INFORMATION PROVIDED |
*** Begin section ***
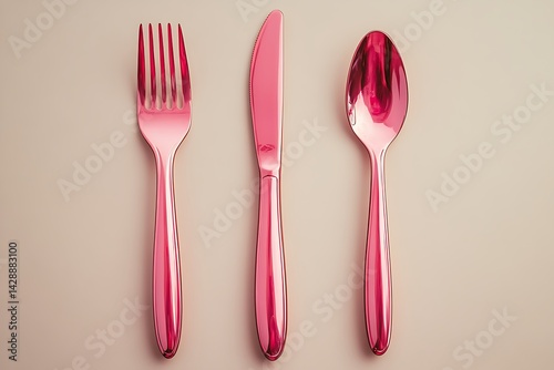 cutlery, silverware, flatware, pink, spoon, fork, knife, utensil, metal, shiny, cream, table setting, eating, dining, kitchen utensile, tableware, metallic, studio shot, aligned, plain, single object, kitchen, catering, eatery, party, celebration, glossy, polished, food, service, dinnerware, cooking, equipment, tool, isolated, white, utensil, silver, plastic, dinner, set, eat, table, steel, crockery, meal, vector
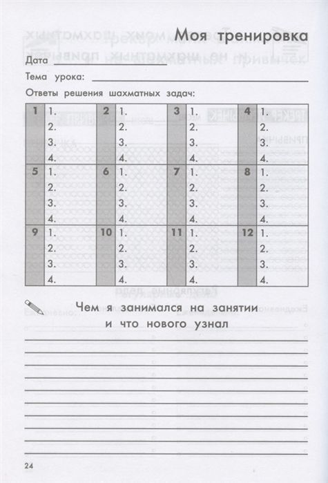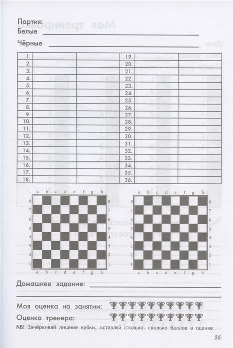Дорогой друг! Шахматы - это спорт. А в спорте, как известно, регулярные тренировки и участие в соревнованиях - залог успеха. Дневник, который ты держишь в руках, не только сохранит все твои сыгранные партии, но и поможет тебе приучиться регулярно решать шахматные задачки, читать шахматные книги и окажет помощь в тренировках. Великих шахматных свершений и красивых партий! В дневнике ты найдешь также поощряющие наклейки, которыми сможешь отмечать свои самые яркие победы и самые интересные и полезные знания, которые будешь получать на занятиях. Размещай их на полях дневника, и они будут служить тебе отличной памяткой.
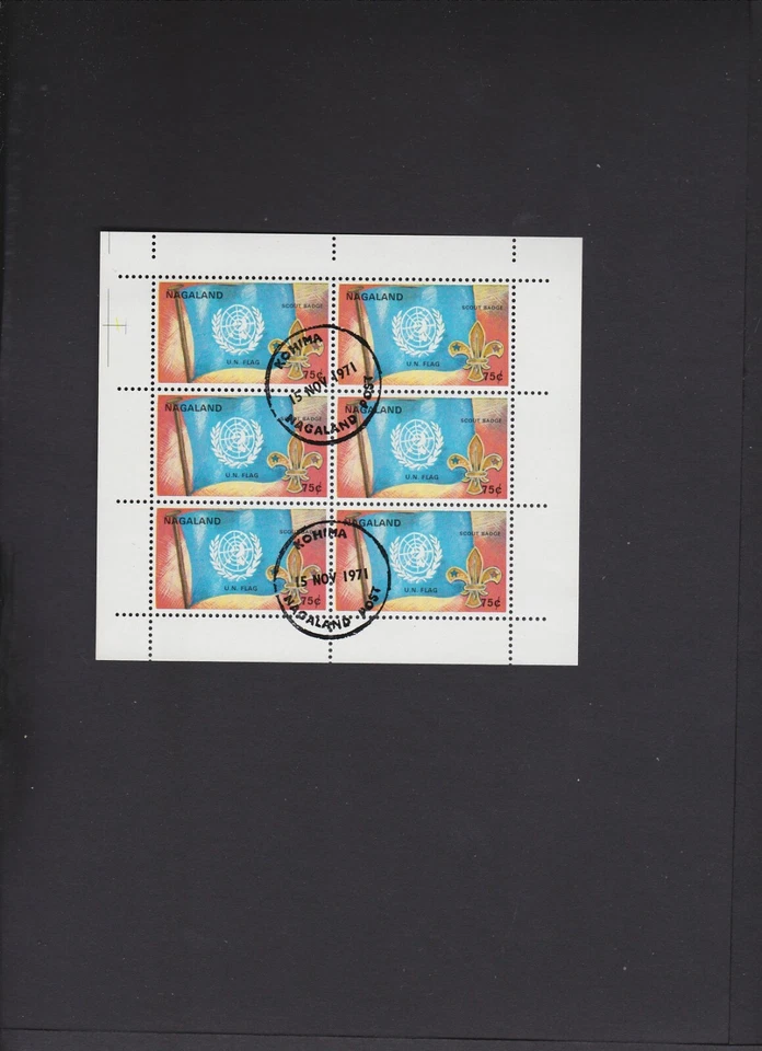 Nagaland - India Mini Sheet " UN Flag " First Day Stamp KOHIMA 15/11/71 " X
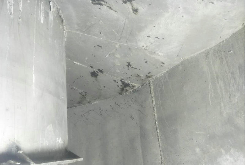 施工后的烘爐過程也是在賣家技術指導下進行了烘爐,烘爐周期在10天半,頭三天在100℃以內其中第一天溫度在30℃左右,第二天在60℃左右,第三天在80℃左右,最高烘爐溫度在550℃,經過烘爐后的耐磨澆注料出現(xiàn)了大部分部位的表面炸裂并帶有孔洞及長裂紋的情況以下是烘爐后所拍攝照片。后經我公司分析問題的原因在于以下幾方面,以警后患。
*** End section ***
TASK DIRECTIONS |
Would you return all the data exactly as given, minus the pictures?

RESULT |
 cutlery, silverware, flatware, pink, spoon, fork, knife, utensil, metal, shiny, cream, table setting, eating, dining, kitchen utensile, tableware, metallic, studio shot, aligned, plain, single object, kitchen, catering, eatery, party, celebration, glossy, polished, food, service, dinnerware, cooking, equipment, tool, isolated, white, utensil, silver, plastic, dinner, set, eat, table, steel, crockery, meal, vector
Дорогой друг! Шахматы - это спорт. А в спорте, как известно, регулярные тренировки и участие в соревнованиях - залог успеха. Дневник, который ты держишь в руках, не только сохранит все твои сыгранные партии, но и поможет тебе приучиться регулярно решать шахматные задачки, читать шахматные книги и окажет помощь в тренировках. Великих шахматных свершений и красивых партий! В дневнике ты найдешь также поощряющие наклейки, которыми сможешь отмечать свои самые яркие победы и самые интересные и полезные знания, которые будешь получать на занятиях. Размещай их на полях дневника, и они будут служить тебе отличной памяткой.
 Nagaland - India Mini Sheet " UN Flag " First Day Stamp KOHIMA 15/11/71 " X
 施工后的烘爐過程也是在賣家技術指導下進行了烘爐,烘爐周期在10天半,頭三天在100℃以內其中第一天溫度在30℃左右,第二天在60℃左右,第三天在80℃左右,最高烘爐溫度在550℃,經過烘爐后的耐磨澆注料出現(xiàn)了大部分部位的表面炸裂并帶有孔洞及長裂紋的情況以下是烘爐后所拍攝照片。后經我公司分析問題的原因在于以下幾方面,以警后患。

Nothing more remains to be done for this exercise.